At most, Schedule B confirmed that the total amount of the settlement was $6,500 but it failed to provide Ms. Davenport with the additional information she would need “to compare the proposed settlement amount with the real value of the periodic benefit or ... to make a comparison on ‘an apples to apples basis.’”
For these reasons, I conclude that the settlement documents did not comply with the Settlement Regulation. Ms. Davenport was, therefore, entitled to rescind the purported settlement and is now entitled to pursue her claim for additional statutory accident benefits.
EXPENSES:
I exercise my discretion to award Ms. Davenport her expenses incurred in this preliminary issue hearing. The parties will advise within 30 days of this decision if they cannot agree on the amount payable.
November 14, 2008
David Leitch Arbitrator
Date
Financial Services Commission des Commission services financiers of Ontario de l’Ontario
Neutral Citation: 2008 ONFSCDRS 184
FSCO A07-002350
BETWEEN:
TARA DAVENPORT
Applicant
and
LOMBARD GENERAL INSURANCE COMPANY OF CANADA
Insurer
ARBITRATION ORDER
Under section 282 of the Insurance Act, R.S.O. 1990, c.I.8, as amended, it is ordered that:
The purported settlement entered by the parties did not comply with the requirements of the Settlement Regulation.
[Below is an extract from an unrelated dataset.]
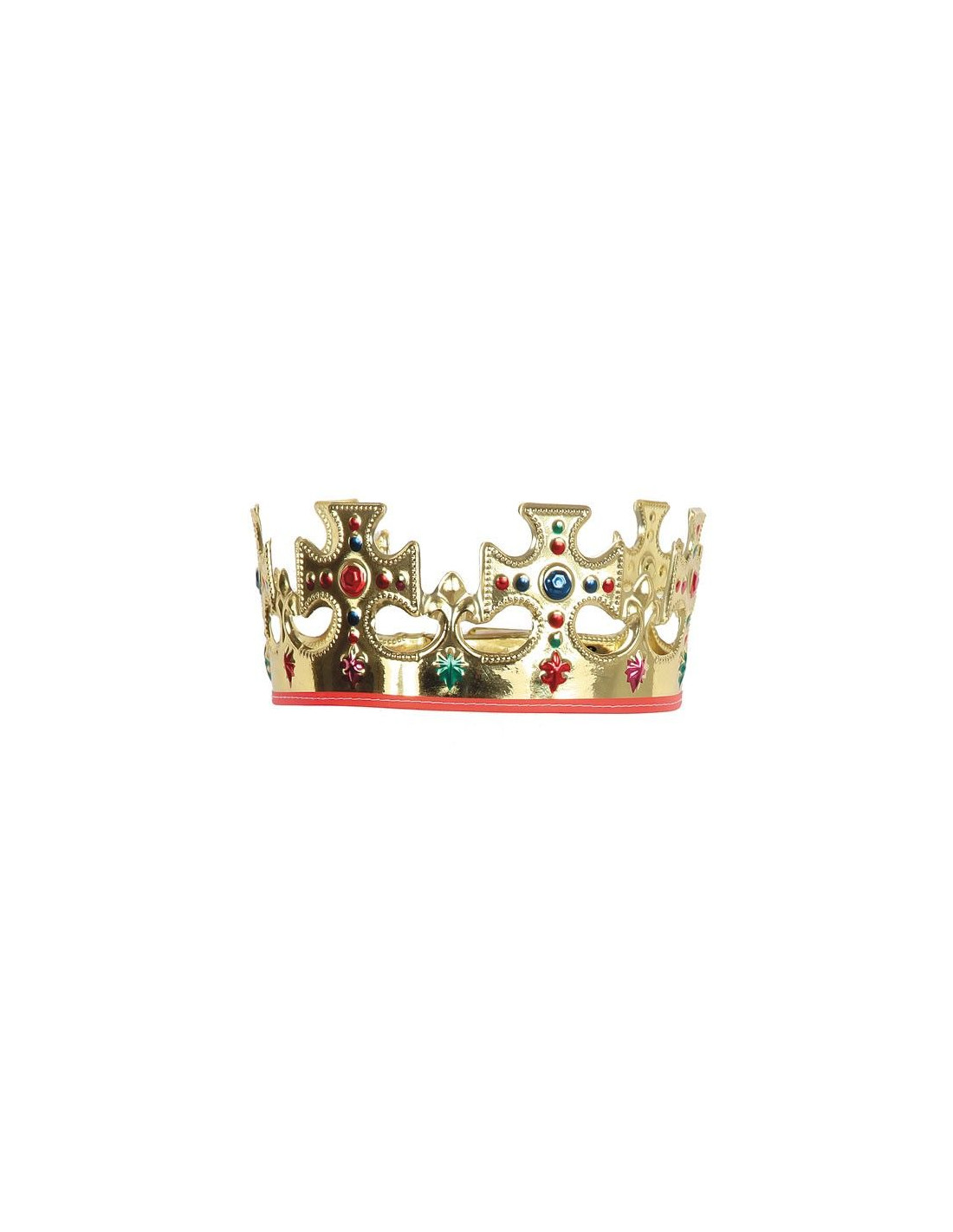 Corona rey plástico que incluye una corona dorada ajustable con piedras de colores pintadas.

Ms. Davenport was, therefore, entitled to rescind the purported settlement and is now entitled to pursue her claim for additional statutory accident benefits. Ms. Davenport.
Lombard will pay Ms. Davenport’s expenses in relation to this preliminary issue hearing. The parties will advise within 30 days of this decision if they cannot agree on the amount payable.
November 14, 2008
David Leitch Arbitrator
Date
Footnotes
- These benefits were payable pursuant to The Statutory Accident Benefits Schedule - Accidents after December 31, 1993 and before November 1, 1996, Ontario Regulation 776/93, as amended.
- R.R.O. 1990, O. Reg. 664, as amended by O. Reg. 780/93.
- Exhibit 1.
- Schedule A stated that while there were four types of weekly benefits - Income Replacement Benefits, Education Disability Benefits, Caregiver Benefits and Other Disability Benefits - “in most cases, ... an insured person will only be entitled to receive one of the four types of weekly benefits.” See Exhibit 1, pp. 5-6 of 13.
- Schedule A explained that an insured person who continued to qualify for weekly benefits after 104 weeks might be eligible to weekly Loss of Earning Capacity Benefits. See Exhibit 1, p. 6 of 13.
- Various categories of pecuniary losses were listed in Schedule A: visitor’s expenses, dependant care expenses, housekeeping and home maintenance expenses, damaged clothing expenses and personal effects and the cost of examinations. See Exhibit 1, pp. 8-9 of 13.
- 1990 CanLII 70 (SCC), [1990] 2 S.C.R. 311.
- Ms. Edroos’s written submission dated July 14, 2008.
- (FSCO A06-000125, December 5, 2007).
- (2008) 2008 ONCA 212, 90 O.R. (3d) 223.
- See Horvath and Allstate Insurance Company of Canada (FSCO A02-000482, June 9, 2003), Antony and RBC General Insurance Company (FSCO A02-000217, March 12, 2003), upheld at Appeal (P03-00023, July 22, 2004) and Lin and Liu and ING Insurance Company of Canada (FSCO A06-001732 and A06-001689, May 2, 2008)
- 2002 SCC 30, [2002] 2 S.C.R. 129.
- (2001) 2001 CanLII 24147 (ON CA), 53 O.R. (3d) 383, paragraph 21.
- (1999) 1999 CanLII 19913 (ON CTGD), 49 O.R. (3d) 100.
- See footnote 13.
- [1999] O.J. No. 3678.
- See Footnote 14.
- (2000) 2000 CanLII 1539 (ON CA), 49 O.R. (3d) 97.
- (FSCO A96-000601, January 31, 2000).
- That was the view taken by Arbitrator Vanderbent in King, see footnote 19, and I agree.
- Justice Spiegel and Arbitrator Vanderbent expressed opposing views on this question but the Court of Appeal declined to resolve the issue in the appeal of Justice Spiegel’s decision in Opoku v. Pal (2000) 2000 CanLII 1539 (ON CA), 49 O.R. (3d) 97.